(WHAT THE EXERCISE ASKS): Starting at the first line of the records below, reproduce every line up to and including the line with "Scratches noted on", but leave out all pictures.

(EXERCISE INPUT):
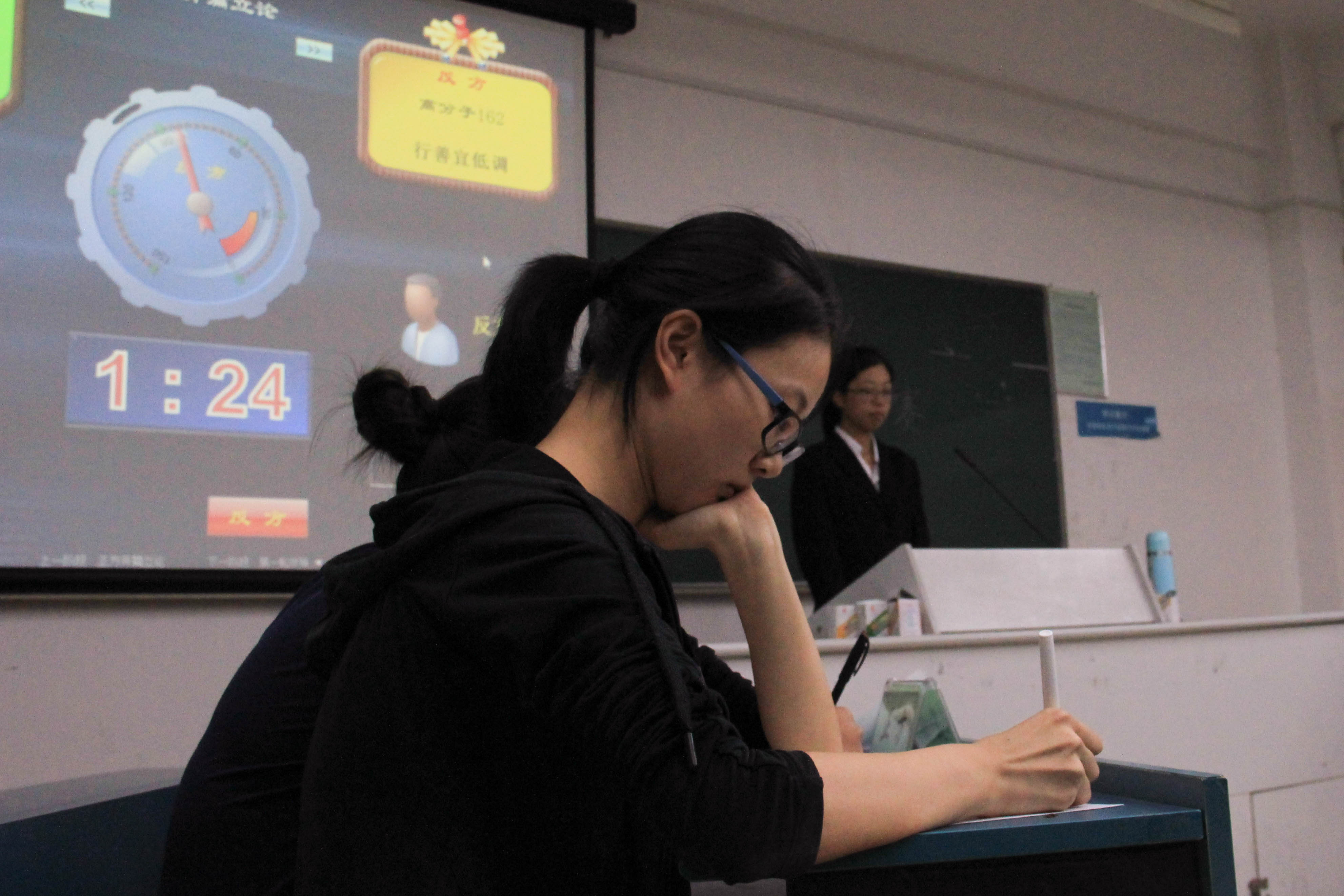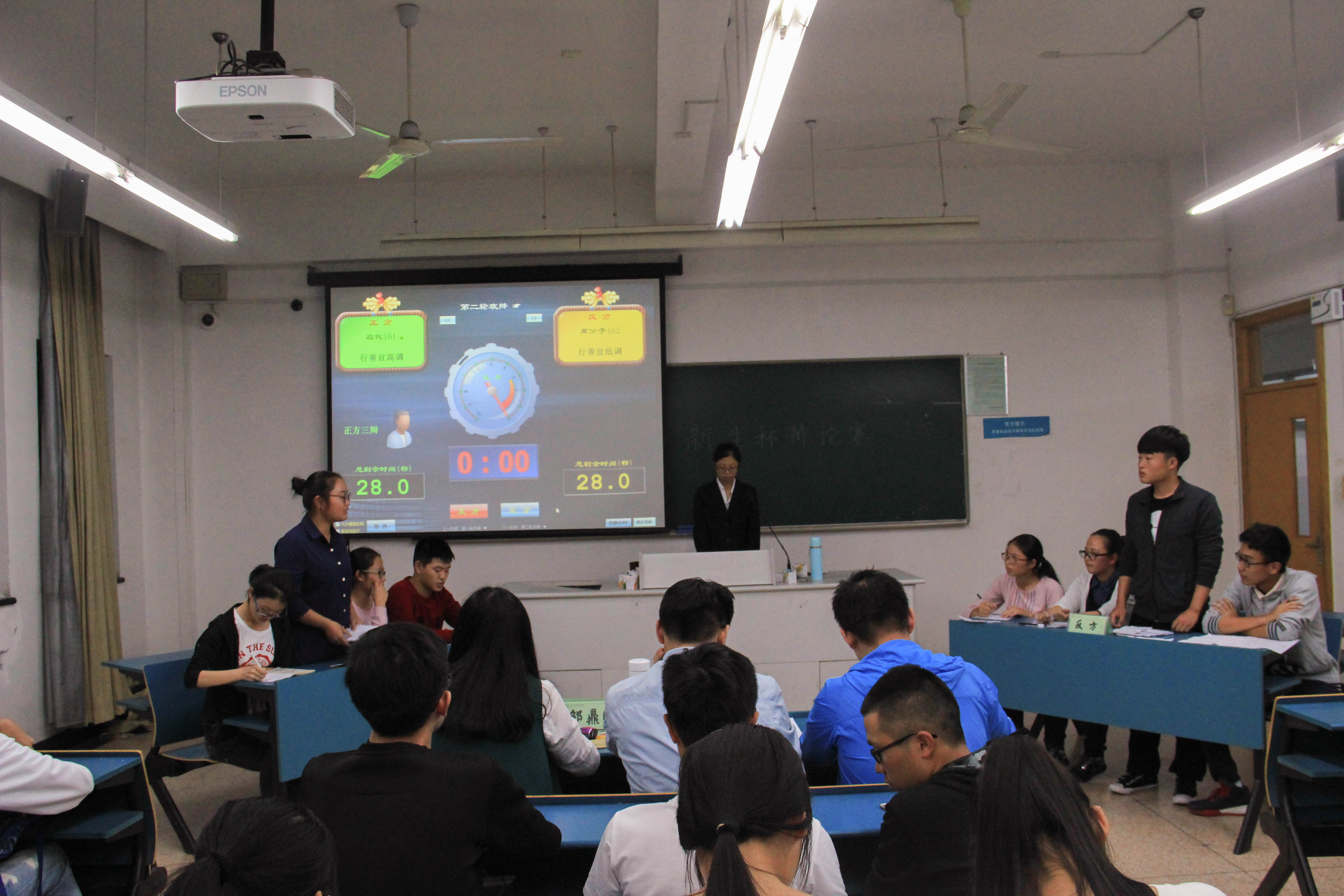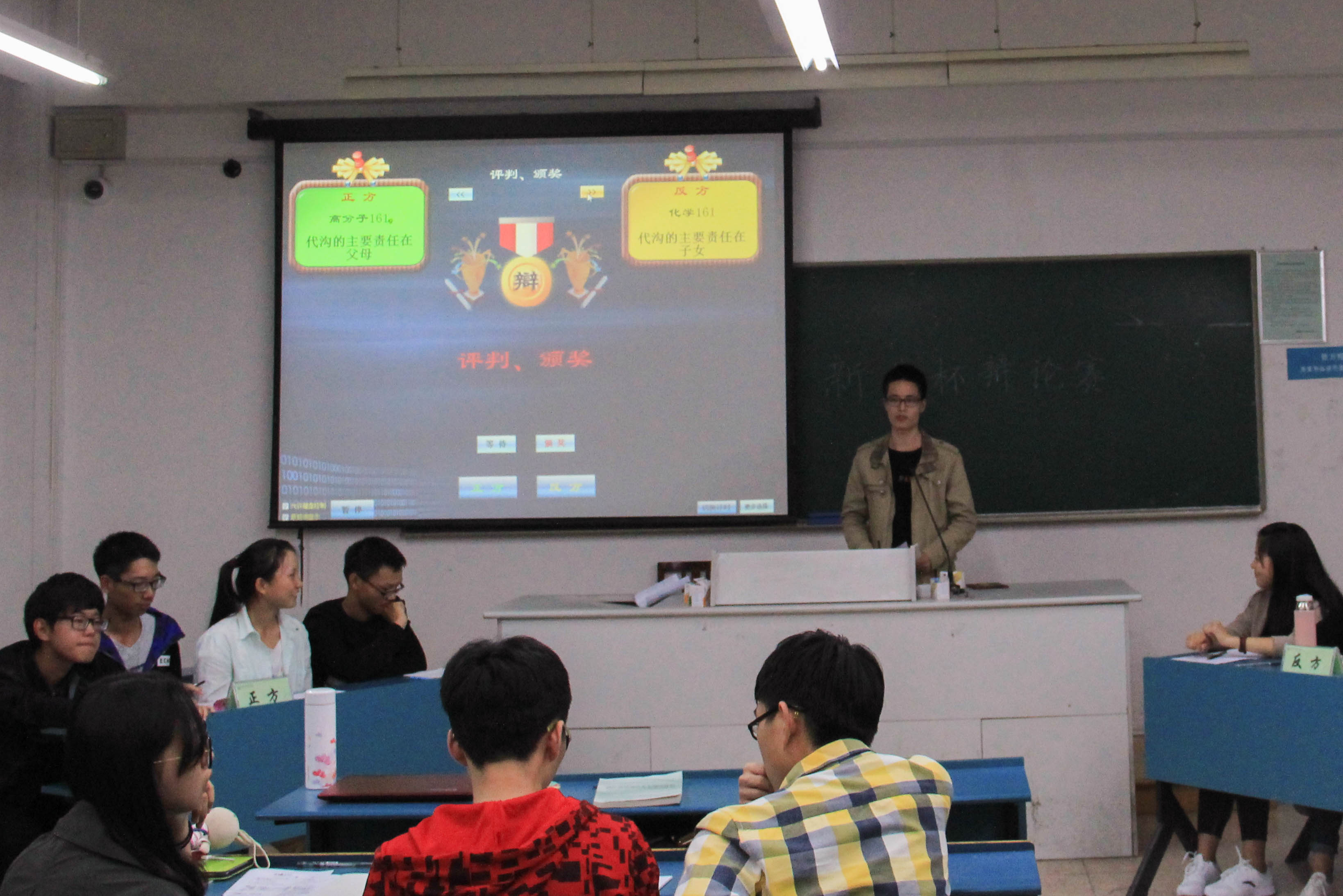 初赛分两场进行。首场参赛选手分别是来自应化161的正方选手与高分子162的反方选手。他们围绕着“行善是否应该高调”的论题展开了激烈的辩论。从高调行善的陈光标、被逼捐款的马云,到公交车让座的行为,辩论双方以清晰的逻辑思维与合理的驳斥赢得在场观众的热烈掌声。最终,首场辩论以正方获胜告终,反方一辩陈静晓同学则成为本次最佳辩手。第二场比赛正、反方分别是来自高分子161与化师161的选手。他们围绕着“代沟的主要责任是在家长还是在孩子”这个问题进行深入的探讨。选手以清晰流利的表达阐述自方观点。比赛中后期的自由辩论激烈,正方辩手引用各种事例向反方提问。来自化师的四位女生严谨认真的回答使在座观众称赞。现场气氛今人紧张而又激动。第二场比赛以反方的取胜告终,而此次的正方二辩也获得了最佳辩手的荣誉奖项。辩论结束后,学长学姐对赛程中出现的问题进行批判与点评。深刻的见解使参赛选手获益匪浅。本次新生杯辩论赛初赛在同学们的一片掌声中圆满落幕。
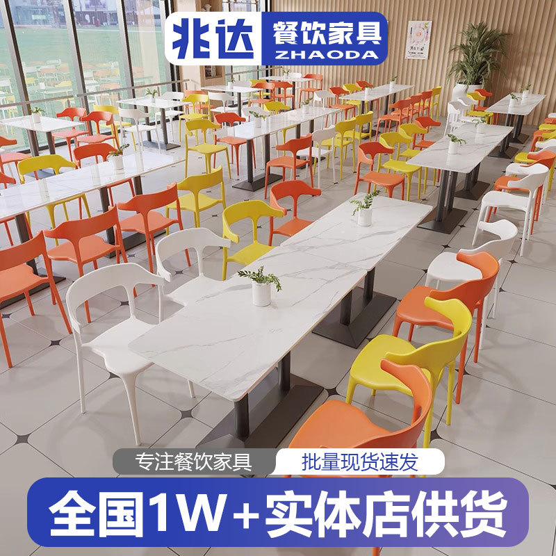 食堂レストランスレートダイニングテーブル学校学生ダイニングテーブルと椅子ライト高級モダンな1テーブルと4椅子ファーストフードレストランダイニングテーブル
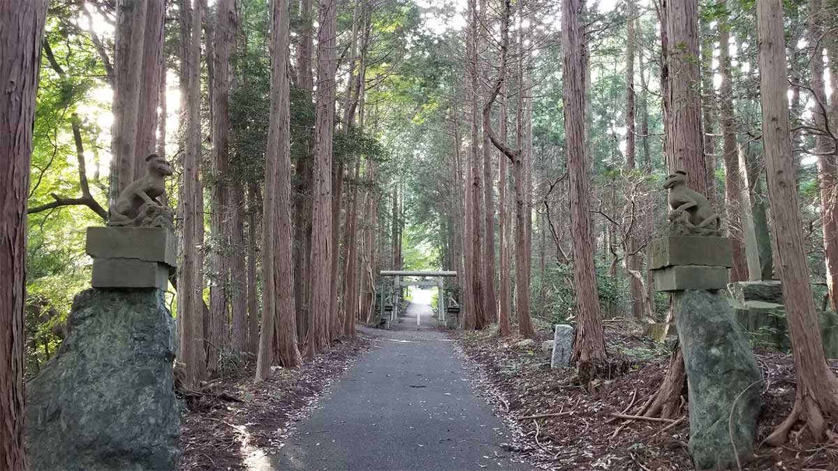 釜山神社の狼の狛犬と参道。
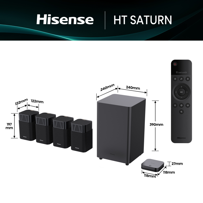 Doživite izboljšan prostorski zvok s HT Saturn in televizorjem, ki delujeta skupaj in hkrati uporabljata vse razpoložljive zvočnike, da razširita zvočno polje in zagotovita resnično poglobljeno avdio izkušnjo. *Hi-Concerto deluje samo z izbranimi modeli televizorjev Hisense.
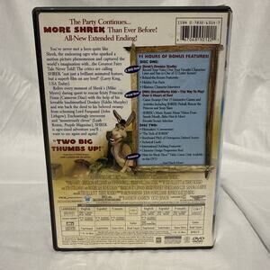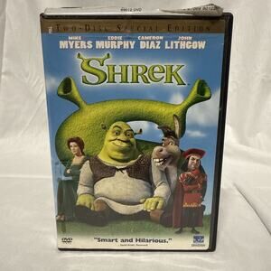 Scratches noted on the back of the disk. Sold as is. The product is a special edition 2-disc DVD set of the popular animated comedy film "Shrek," released in 2001. Directed by Vicky Jenson and Andrew Adamson, the movie follows the adventures of a lovable ogre named Shrek as he navigates the challenges of life in a hostile world. With a G rating, this special edition DVD set provides viewers with additional features and content related to the film, making it a must-have for fans of this beloved animated classic.
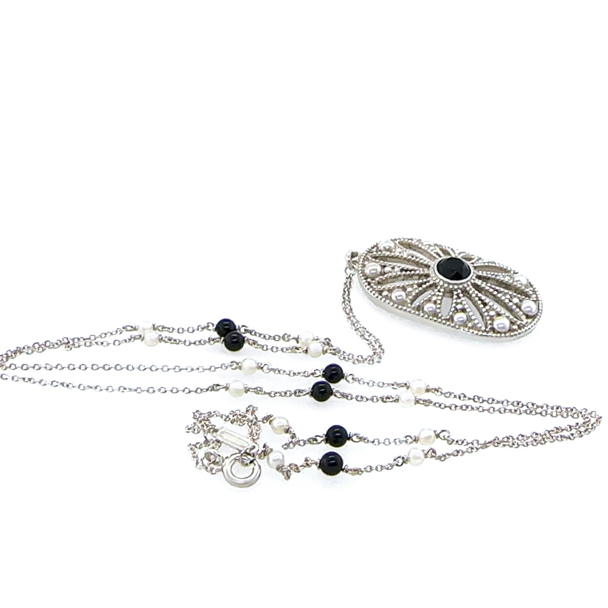 This elegant Tiffany & Co. Daisy Ziegfeld set is crafted in sterling silver and comprises a coordinating necklace and pair of earrings, each featuring lustrous cultured pearls accented by striking black onyx in a refined floral motif. The necklace measures approximately 60cm in length and has a weight of 9.42 grams, offering a graceful drape and timeless sophistication.
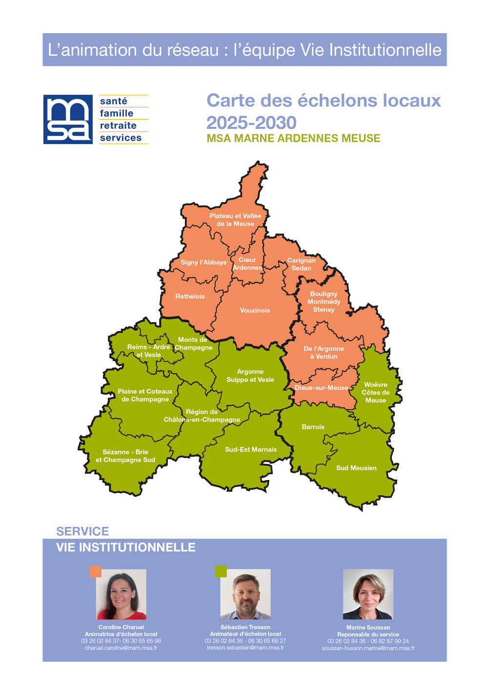 Carte des échelons locaux 2025-2030 et secteurs des animateurs du réseau des élus de la MSA Marne Ardennes Meuse.

(ANSWER SECTION):
 初赛分两场进行。首场参赛选手分别是来自应化161的正方选手与高分子162的反方选手。他们围绕着“行善是否应该高调”的论题展开了激烈的辩论。从高调行善的陈光标、被逼捐款的马云,到公交车让座的行为,辩论双方以清晰的逻辑思维与合理的驳斥赢得在场观众的热烈掌声。最终,首场辩论以正方获胜告终,反方一辩陈静晓同学则成为本次最佳辩手。第二场比赛正、反方分别是来自高分子161与化师161的选手。他们围绕着“代沟的主要责任是在家长还是在孩子”这个问题进行深入的探讨。选手以清晰流利的表达阐述自方观点。比赛中后期的自由辩论激烈,正方辩手引用各种事例向反方提问。来自化师的四位女生严谨认真的回答使在座观众称赞。现场气氛今人紧张而又激动。第二场比赛以反方的取胜告终,而此次的正方二辩也获得了最佳辩手的荣誉奖项。辩论结束后,学长学姐对赛程中出现的问题进行批判与点评。深刻的见解使参赛选手获益匪浅。本次新生杯辩论赛初赛在同学们的一片掌声中圆满落幕。
 食堂レストランスレートダイニングテーブル学校学生ダイニングテーブルと椅子ライト高級モダンな1テーブルと4椅子ファーストフードレストランダイニングテーブル
 釜山神社の狼の狛犬と参道。
 Doživite izboljšan prostorski zvok s HT Saturn in televizorjem, ki delujeta skupaj in hkrati uporabljata vse razpoložljive zvočnike, da razširita zvočno polje in zagotovita resnično poglobljeno avdio izkušnjo. *Hi-Concerto deluje samo z izbranimi modeli televizorjev Hisense.
 Scratches noted on the back of the disk. Sold as is. The product is a special edition 2-disc DVD set of the popular animated comedy film "Shrek," released in 2001. Directed by Vicky Jenson and Andrew Adamson, the movie follows the adventures of a lovable ogre named Shrek as he navigates the challenges of life in a hostile world. With a G rating, this special edition DVD set provides viewers with additional features and content related to the film, making it a must-have for fans of this beloved animated classic.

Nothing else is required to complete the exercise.